[DATA BELOW]
+++
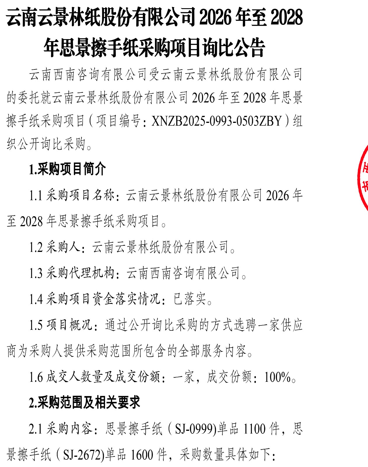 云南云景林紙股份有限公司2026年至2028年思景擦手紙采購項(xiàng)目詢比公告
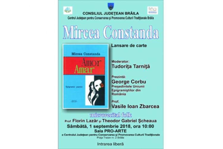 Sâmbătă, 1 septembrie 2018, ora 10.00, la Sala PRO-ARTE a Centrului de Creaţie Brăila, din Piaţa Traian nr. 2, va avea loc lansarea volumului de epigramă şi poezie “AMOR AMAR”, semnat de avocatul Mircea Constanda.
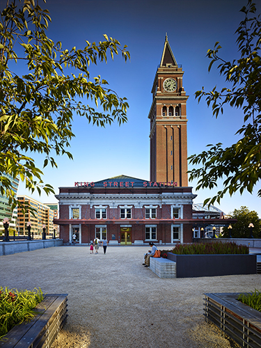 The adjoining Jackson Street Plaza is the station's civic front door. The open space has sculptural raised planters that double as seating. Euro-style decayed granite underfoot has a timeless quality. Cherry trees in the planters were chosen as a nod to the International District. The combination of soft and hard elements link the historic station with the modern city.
+++
[YOUR ASSIGNMENT] When you repeat the data, keep it exact and drop every picture.

[REPLY TO THE EXERCISE]
 云南云景林紙股份有限公司2026年至2028年思景擦手紙采購項(xiàng)目詢比公告
 Sâmbătă, 1 septembrie 2018, ora 10.00, la Sala PRO-ARTE a Centrului de Creaţie Brăila, din Piaţa Traian nr. 2, va avea loc lansarea volumului de epigramă şi poezie “AMOR AMAR”, semnat de avocatul Mircea Constanda.
 The adjoining Jackson Street Plaza is the station's civic front door. The open space has sculptural raised planters that double as seating. Euro-style decayed granite underfoot has a timeless quality. Cherry trees in the planters were chosen as a nod to the International District. The combination of soft and hard elements link the historic station with the modern city.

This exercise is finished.